# How do you know when to switch to adult?



## Veronica1 (Jun 22, 2010)

The vet said something about switching large breed pups to adult food when they hit 8 months. I know some of you opt for adult food throughout, never going the puppy food route. Others go for 18 months, others a year.

How do I know when it's time to make the switch? Is it based on the pup's age vs. weight? Or some other factor? :help:

Thanks!


----------



## KZoppa (Aug 14, 2010)

i've always been told by my vets (move around a lot due to military) to keep pups on puppy chow until they're a year old and then switch them over to adult food but i also know some breeds can be switched sooner such as large breeds like Great Danes but i know it also has to do with a few more factors. One of them i've been told by another GSD owner was that when you can visibily tell the puppy chow is no longer doing its job (growing puppy, they seem sturdier), then you can switch their food to adult food. My last vet before we moved told me that at a year or when the pups weight started slowing down or came to a halt (usually around 8 months for some). So i guess whichever comes first. Course i know more people will probably have better information or different information. I've known some people who kept their dogs on puppy chow until they were two. Good luck!


----------



## jakeandrenee (Apr 30, 2010)

KZoppa, you just meant that "puppy chow" is LB puppy food, right? Not the actual brand Puppy Chow??


----------



## KZoppa (Aug 14, 2010)

i'm sorry my brain isn't processing LB. I meant puppy chow as in any brand formulated for puppies, large breed or otherwise. that help?


----------



## KZoppa (Aug 14, 2010)

wait i think i just got it. LB =large breed. Sorry. Was awake all night and no sleep for me today! kids... arent the grand?!


----------



## jakeandrenee (Apr 30, 2010)

YES!!! Whew! It was about to get crazy over bad kibble choices....LOL
I agree with you, I think it depends a lot on personal preference and how the puppy is developing why and when to make the choice. Jake came off off puppy food at 9 weeks. I am happy with his growth and development. He was on Adult BB but suspecting allergies and loose poops made me switch to a grain free adult food that is ok for pups (the cal/phos is with in comfort level) so he is now on ACANA pacifica. So, I have no experience with puppy food, but have done just fine w/ the proper adult kibble.


----------



## Veronica1 (Jun 22, 2010)

I'm concerned that Panzer is a little thick in the waist. At 5 1/2 months, a growth spurt could be around the corner and he could lose that thickness. 

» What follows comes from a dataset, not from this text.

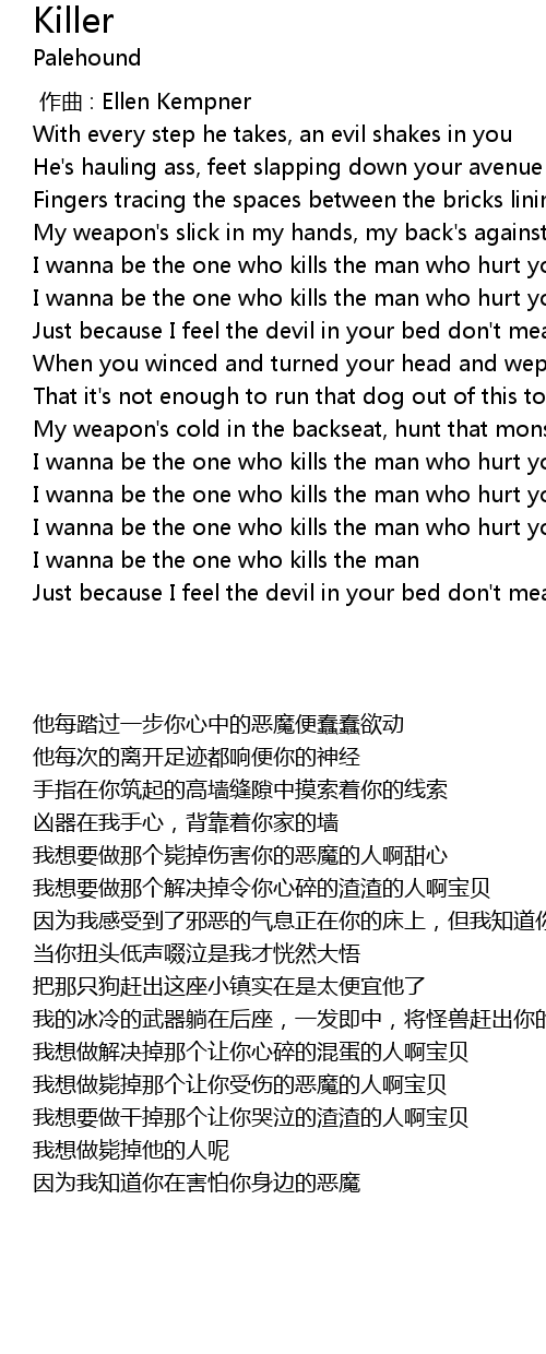 | [02:19.78] | I wanna be the one who kills the man who hurt you, darling |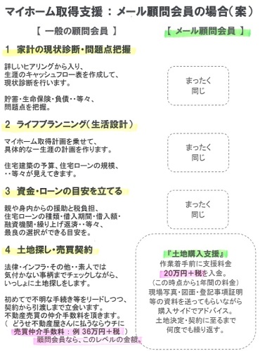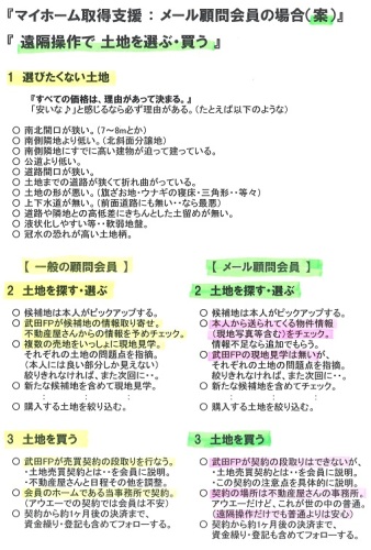メール顧問会員のマイホーム取得。支援してほしいという問い合わせが時々ありますが、 現在は行なっていません。 行なっていませんが・・昨日・・今日・・と、試しに「案」を作ってみています。自分の頭で考える生活設計。まだ確定したことではなく、あくまでも「案」ですが・・『遠隔操作で土地を選ぶ・買う』土地購入について、一般の顧問会員にやってあげていることが、メール顧問会員の場合はどんな感じになるんだろうか・・?考えてみました。もちろん、生活設計後の実行支援として・・です。「生活設計はいいから、土地購入や マイホーム建築だけを、なんとか 面倒を見て頂けないでしょうか?」・・などというお話は、もちろんお断りです。どんどん引き受ければ、ビジネスとしては順調になりますが・・生活設計の作業を通じてできあがった信頼関係に基づいて、各種実行支援を行なっています。当事務所は、ファイナンシャル・プランナー事務所です。生活設計があっての実行支援です。(当たり前)私のライフワークです。字が小さ過ぎて読みにくいですね。スミマセン!遠隔操作で土地購入 ・・っと。〇 商品販売をしない。 〇 しがらみを持たない。誇りをもって、愚直に、 消費者側に立ち続けて15年目の ファイナンシャル・プランナー事務所。《 質問希望? 》 ブログ右「キーワード検索」をどうぞ。 「キーワード検索」に言葉 ⇒ 「このブログ内」 ⇒ 「検索」。《 顧問会員希望? 》 「顧問会員って何?」で支援内容や当事務所との関係を確認の上、右記へfpst@axel.ocn.ne.jpメール顧問会員は、指定した月日のみに受付けます。

We feed him based on the bag recommendations and he's eating Diamond Naturals Lamb & Rice Large Breed Puppy Food. Just not sure if he's getting too many calories?


----------



## jakeandrenee (Apr 30, 2010)

Can you post a few pics? I have always read better lean then overweight. Is he active? Swim, long walks???

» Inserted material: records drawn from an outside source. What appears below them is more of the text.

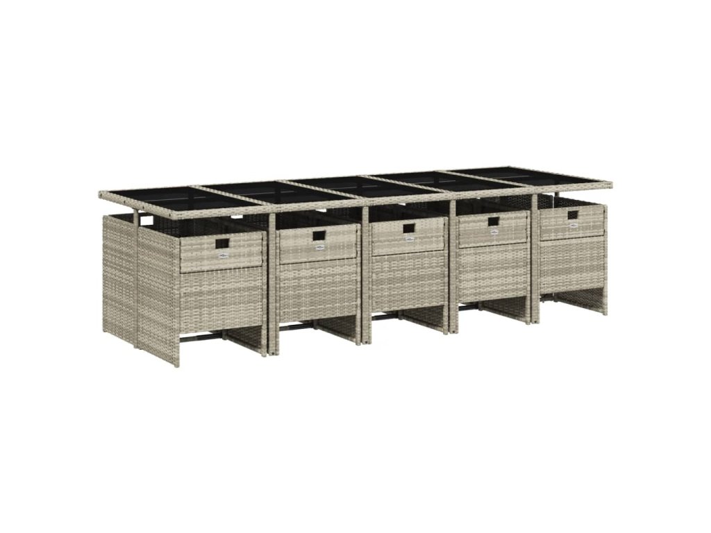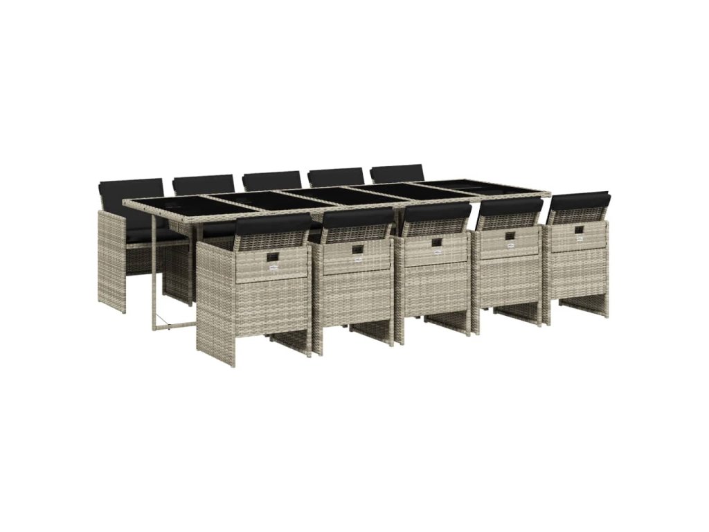 11dílný zahradní jídelní set s poduškami světle šedý polyratan 3277702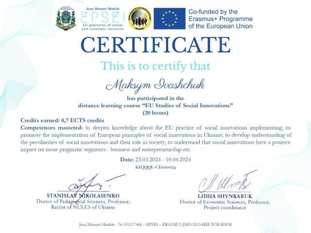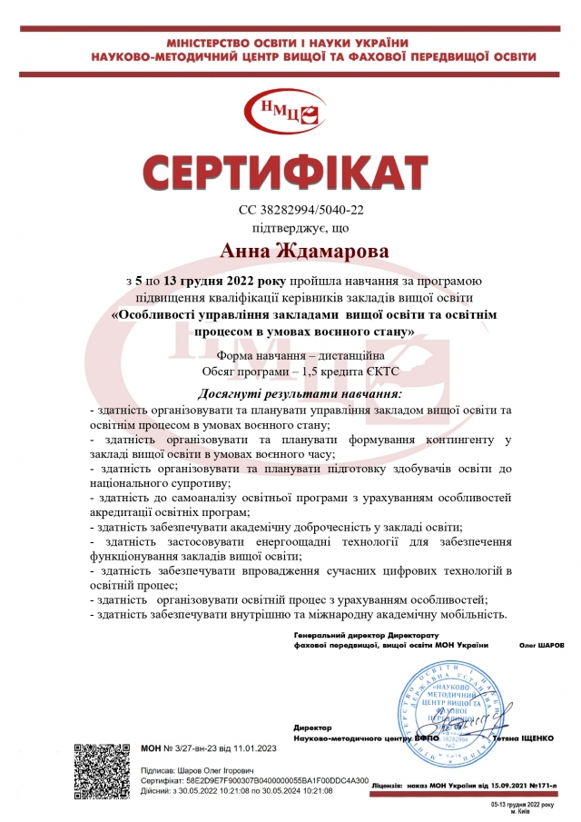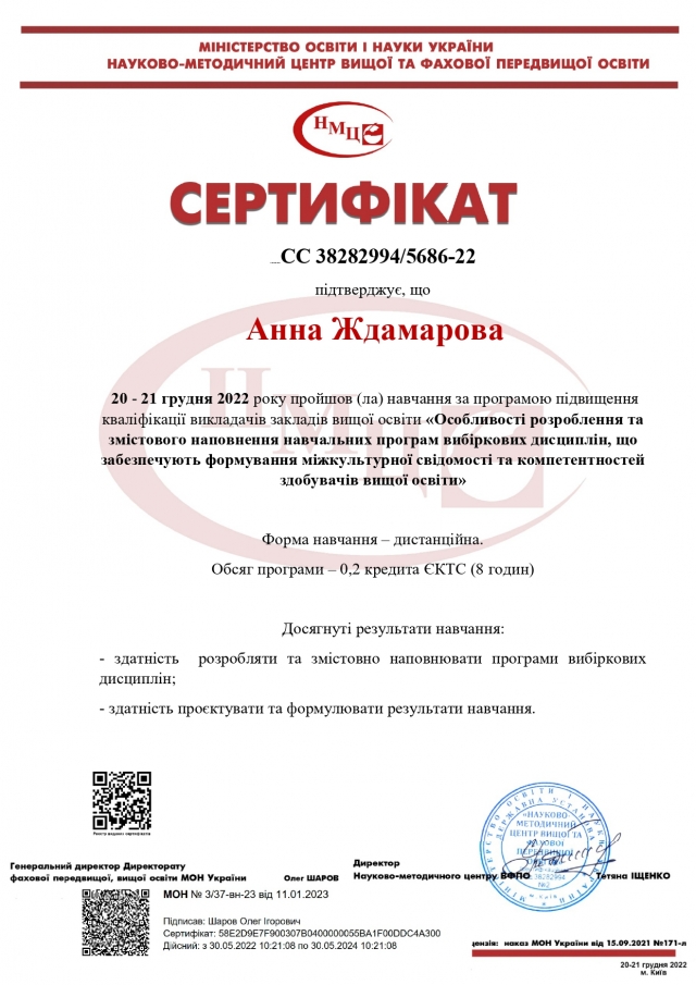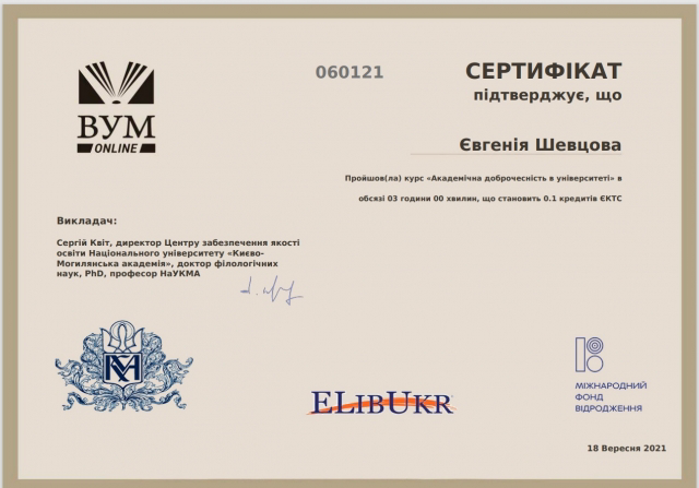 1.Отримала сертифікат про успішно пройдений курс «Академічна доброчесність в університеті».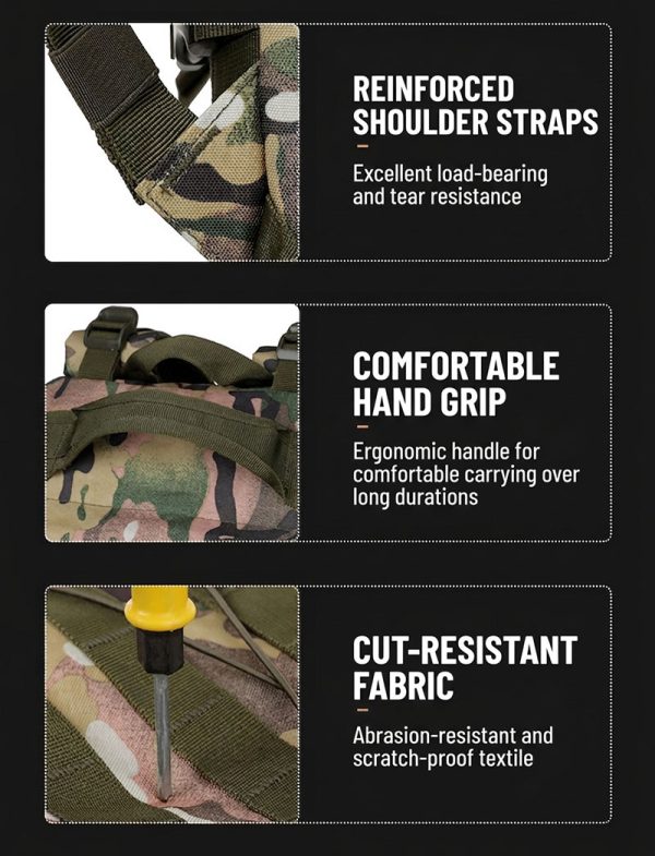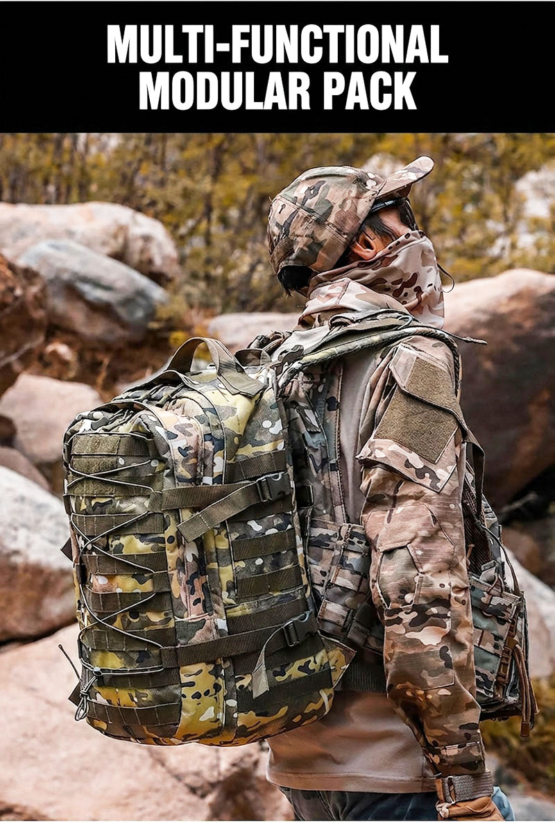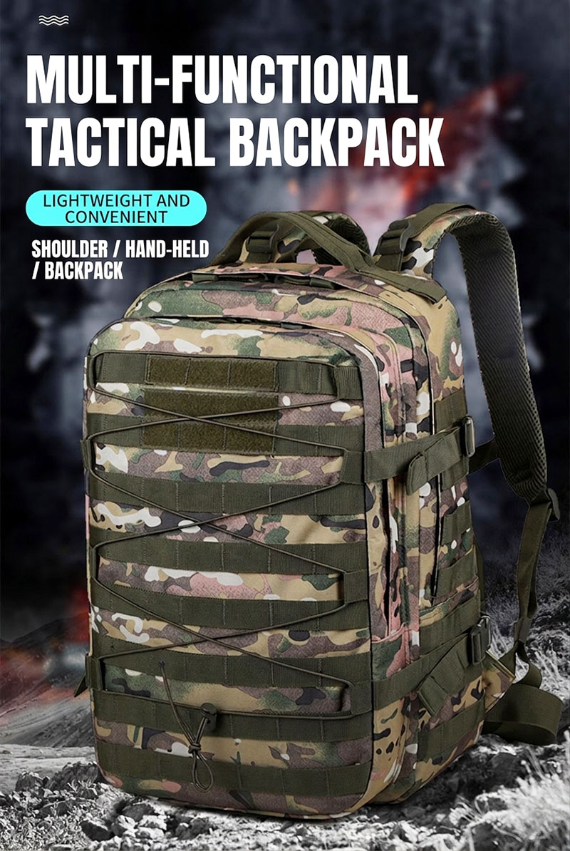 - Tactical camouflage design with strong outdoor appeal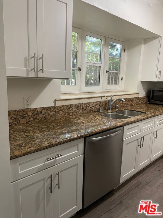 A remodeled unit of about 1,550 sq ft in the downstairs duplex, with two bedrooms and a den that can be used as a bedroom. The kitchen has beautiful cabinets with new granite countertops. Refurbished hardwood floors plus laminated floors, a washer and dryer, a wall air/heater, plus another central heating system. It requires a good credit history. There is a discount for fewer people. MLS# 26672671

Jake is almost 70 pounds and just over 6 months. He is perfect right now and maybe could lose a pound or two....he gets 3 to 4 cups adult grain free...how much depends on if he gets Raw and his activity level. Puppy food is much higher in calories, I don't see why you can't switch at this point. Don't forget all the treats he gets a day training. That also adds calories.


----------



## KZoppa (Aug 14, 2010)

jakeandrenee said:


> KZoppa, you just meant that "puppy chow" is LB puppy food, right? Not the actual brand Puppy Chow??


 
honestly i had no clue there was an actual brand of food called "puppy chow". lol.


----------



## KZoppa (Aug 14, 2010)

we were feeding Shasta based on the bag portions and she's still a skinny butt! I swear i've never seen a shepherd puppy without a little fluff on them! Its like she's already entered the full on goofy teenage scrawny puppy stage they hit at like 6 months on through almost 2 years. I'm actually considering uping her portions a little but i'm afraid of that energy boost from the extra calories! She already runs me ragged with the energy she does have! If Shasta gets as big as we're thinking (80+lbs), i'll probably take her off puppy food around six months old but we'll cross that bridge when we come to it. if Panzer's weight is bugging you get a vet opinion who actually knows GSDs and ask him if he feels you should lower the portioning. I know that many dogs can become over weight if they're fed according to the portions on the bag in most cases. Our adult dogs get by just fine on 1- 1 1/2 cups a day with the occassional treat. And even on that feeding amount our male is heavier than he should be so his portions have been lowered and he's exercised way more. And he was exercised a good amount to begin with. I think most of his current weight gain is because he's getting older and his metabolism is slowing down but he is also only going on 6 so who knows. maybe he's just predestined to be a chubby butt.


----------



## Veronica1 (Jun 22, 2010)

So it really all comes down to weight? If the pup is getting too thick, switch to adult?

I'll get a couple pictures posted shortly.


----------



## jakeandrenee (Apr 30, 2010)

Well not just weight, it's calories in, calories out....I would say that at 8 months if you want to begin to research the best Adult kibble then I would.
Just keep in mind the cal/phos levels tend to be higher in adult foods so do your research and read labels. If you are going grain free it getting a bit more tricky. I think that you can stay on puppy food but either decrease the amount or up the exercise. Either food be it LB puppy or good adult kibble won't solve weight management for a puppy.


----------



## Veronica1 (Jun 22, 2010)

jakeandrenee said:


> Well not just weight, it's calories in, calories out.....


This is the same thing my doctor tells me - less food, more exercise!


----------